FOIA Friday: The growing international grad workforce
In our latest public records deep dive, we're looking at how international students — a growing piece of Michigan's workforce — can help narrow the state's talent gap.
Why it matters: Knowing more about international graduates of Michigan universities is crucial for informing policymakers and employers in order to help keep them from leaving the state, according to research released by Global Detroit.
- These grads fill open jobs and contribute innovation, among other benefits.
What's happening: Global Detroit, an organization focused on immigrant inclusion and economic growth, analyzed state-level data provided by the Pew Research Center.
- Pew requested federal data through the Freedom of Information Act (FOIA), obtaining records of more than a million international students working in the U.S.
- Global Detroit's analysis focuses on a specific international student visa program, Optional Practical Training (OPT), which allows graduates to stay working here for one to three years and puts the visa responsibility on the universities, not the employers.
By the numbers: The number of international students hired by Michigan companies jumped 335% over the data period, 2004-2016. Nearly 43,600 with 195 countries of origin were hired by nearly 16,500 employers.
- Sixty percent of OPT students coming from Michigan colleges stayed in-state.

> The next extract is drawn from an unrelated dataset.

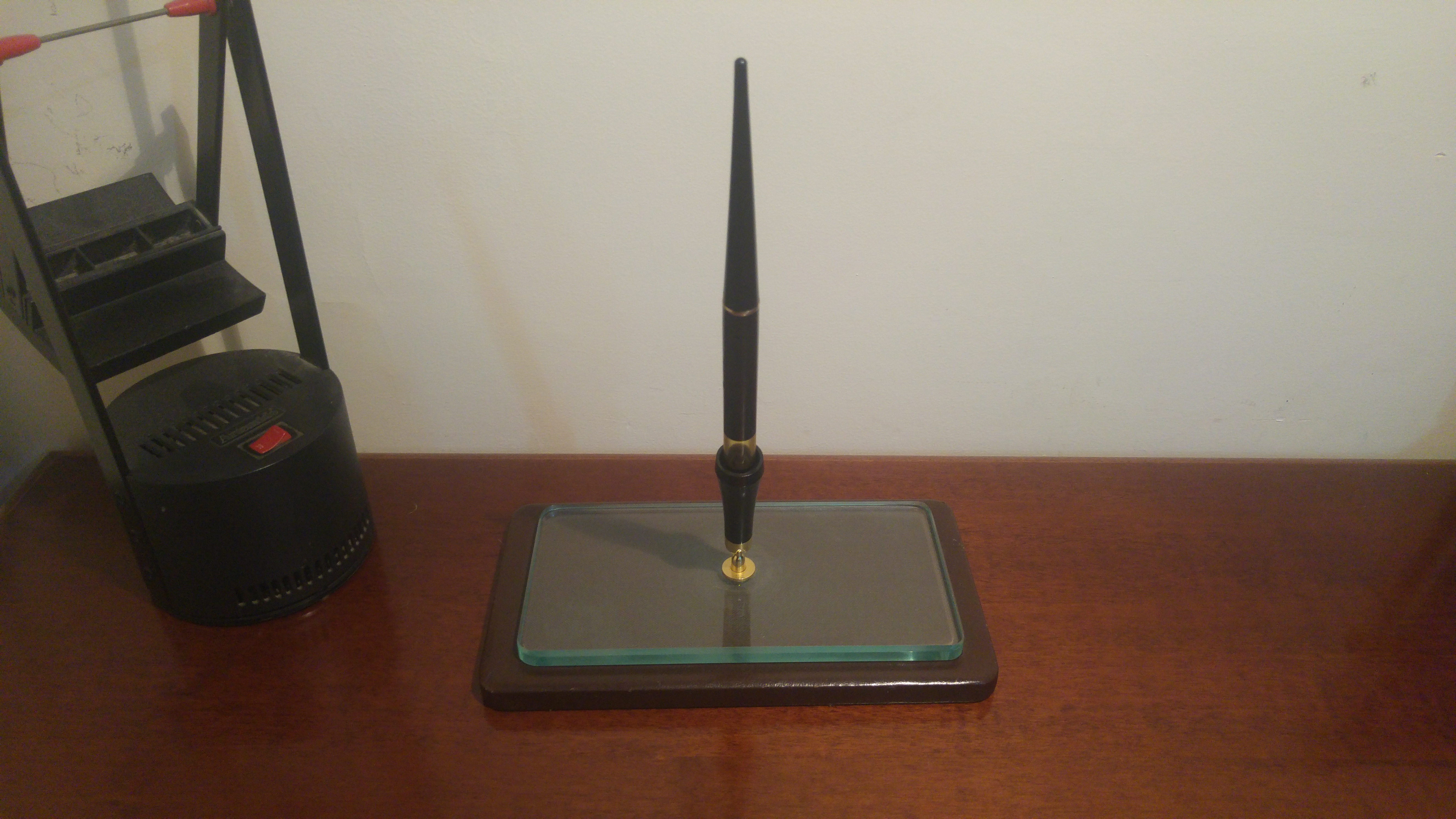 Che dire se non che è un mago! Comunque il buon Massimo non poteva assolutamente immaginarsi la grama vita che attendeva questo signore in frac senza un elegante casa in cui riposare, e quindi mi ha restituito stiloforo e base per stiloforo originale Omas.

What they're saying: "While we look at (high-skill talent), international students are a strong source of fuel to power that economy and it's one that's been under the radar and rapidly growing," Steve Tobocman, Global Detroit executive director, tells Axios.
- "I think awareness and cultural bias are the biggest barriers to seeing (hiring international students) expand."
What they're saying: "We bring a different perspective not only to the work we do but what we do in general," Berenice López, a 2020 graduate and OPT participant who became a Ford contractor, said in the report. "We have a different way of thinking."
- "It's good to have a different point of view. It makes the culture at work richer."